1. For the past 30 years, conservatives have focused on ways to strenthen incentives for K-12 schools to improve test scores.

2. Meanwhile, the left has taken over the culture of education. Conservatives need to fight to reverse this trend.

I think that these are valid points. But the song that runs through my head comes from Carole King. “It’s too late baby, now it’s too late.”

The left takes the social justice mission of education as given. The cultural values that Levin views as important are treated as relics of a racist patriarchy that must be purged from schools.

I would say that conservatives face an uphill battle, with an emphasis on the word battle. Even the ordinarily mild-mannered and moderate Levin concludes,

this adds up to a controversial understanding of the purpose of primary and secondary education, and one that will tend to fan the flames of our culture wars. Whether we like it or not, the next phase of conservative education-policy thinking will need to be willing to do that

On Garett Jones’ latest book

I review 10 % Less Democracy.

At a time of populist ascendance, his theme is bracingly countercultural.

I suggested that the editors that we might want to allude to the Bernie Sanders phenomenon as making the book particularly timely, but they demurred.

In the end, I find providing checks on the voters to be the wrong solution to the wrong problem. Once you get lots of Fear Of Others’ Liberty, the FOOLs are all rooting for the exercise of government authority. I doesn’t matter whether you label it “the will of the people,” “technocratic independence,” or “state capacity,” the bottle is still filled with poison.

The analogy with religion

Molly Bridgid McGrath writes,

Sacrificial Politics is a system of roles bestowed upon people by those around them, and these roles carry rights, prerogatives, obligations, expectations, and social statuses. For example, with diversity talk we do not just recognize that some people are “different” in the desired way; we do not just include them; and we don’t treat everyone in the room equally.

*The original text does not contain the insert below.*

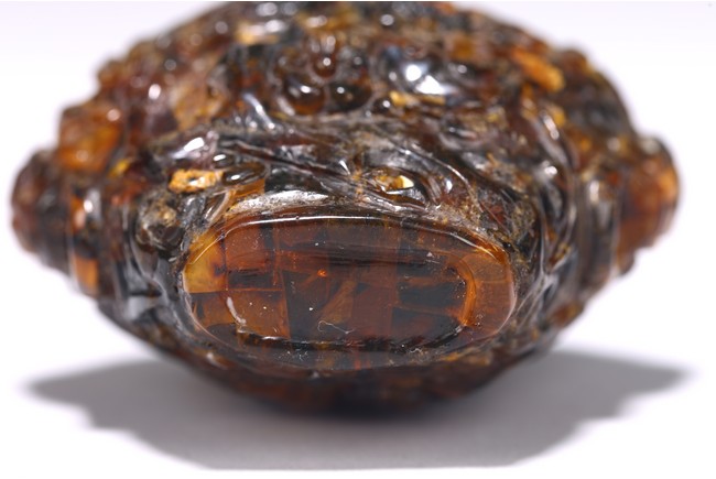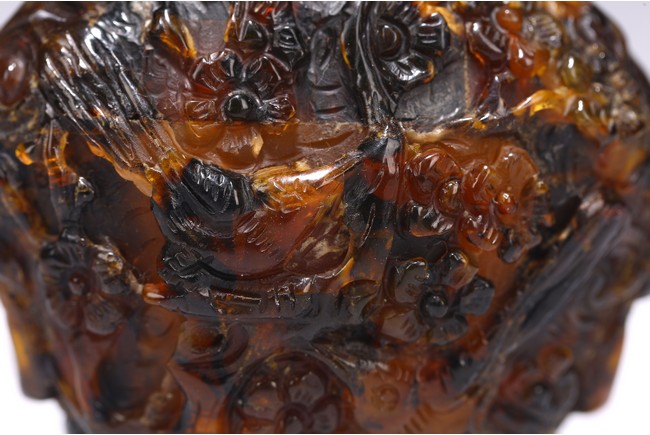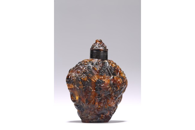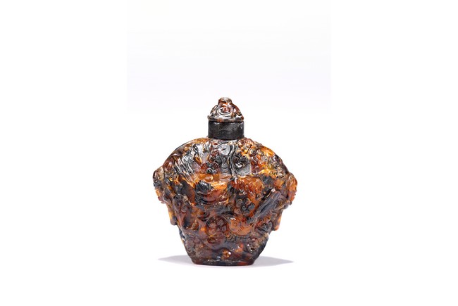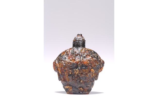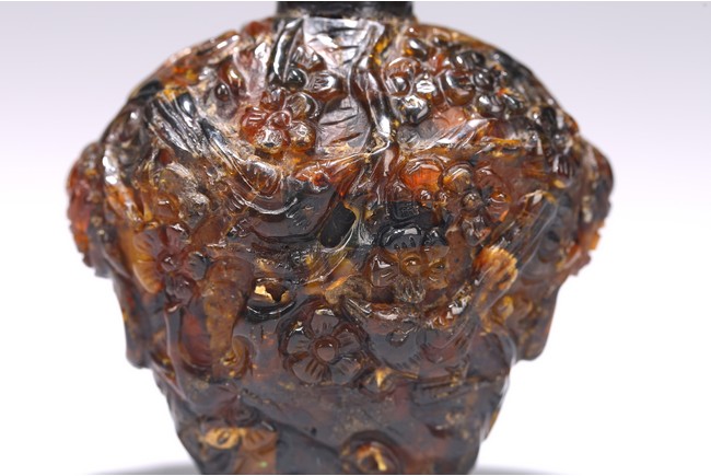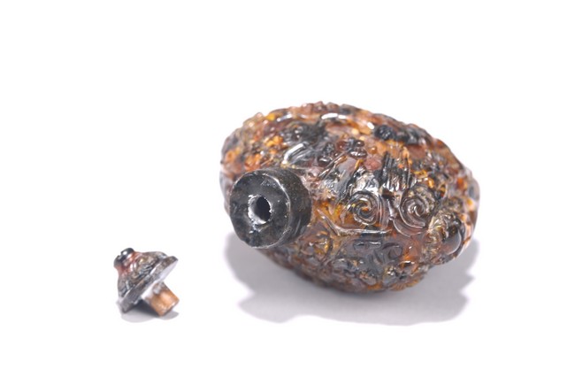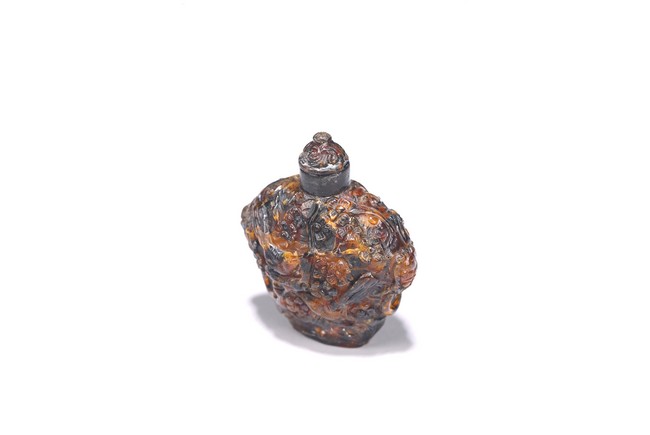 The mottle colored amber snuff bottle carved with various figures in relief. With stopper. Qing Dynasty period.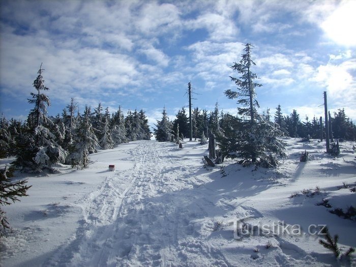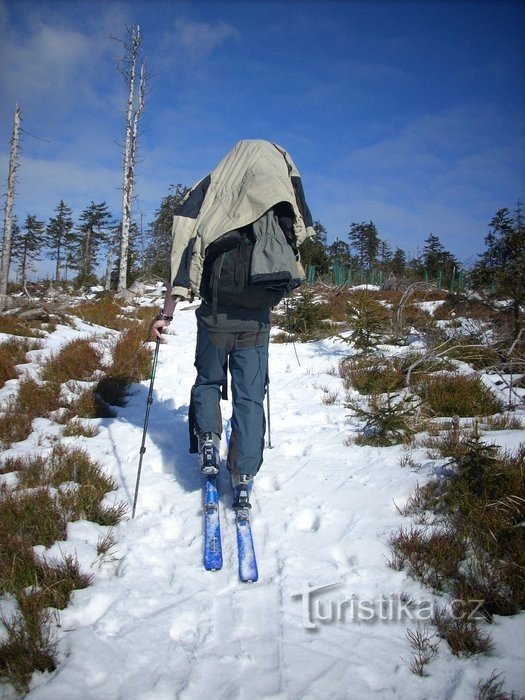 Na parkovišti ve Velké Moravě neletí na záda jen batoh, ale i lyže a my si to volnou chůzí šineme po asfaltce zpět do Horní Moravy, kde modrá značka konečně uhýbá z hlavní cesty. Za mostkem cesta začíná pěkně prudce stoupat…

We confer a status on select people as “diverse” and as having the power to bestow “diversity” on the groups they join. Other people get the status of not “diverse.”

You might think of this system of social constructions as a game with four positions and rules for what each position is supposed to do. (i) The Sacred, who are members of an oppressed category, are supposed to represent their category by believing and advocating certain things. (ii) The Pious are the members of the privileged category (e.g., white, male, straight, or cis) who recognize, honor, protect, and avenge the Sacred. (iii) The Profane are the members of the privileged category who are not pious (“profane” just means “outside the temple”). (iv) The Blasphemers commit acts of desecration against the Sacred (sometimes by accident, sometimes on purpose) and are marked henceforth as perpetrators of injustice.

It is a long essay on the theme of the religious character of the oppressor-oppressed axis.

Amy Wax follows up with another long essay on how this religion may undermine our legal tradition.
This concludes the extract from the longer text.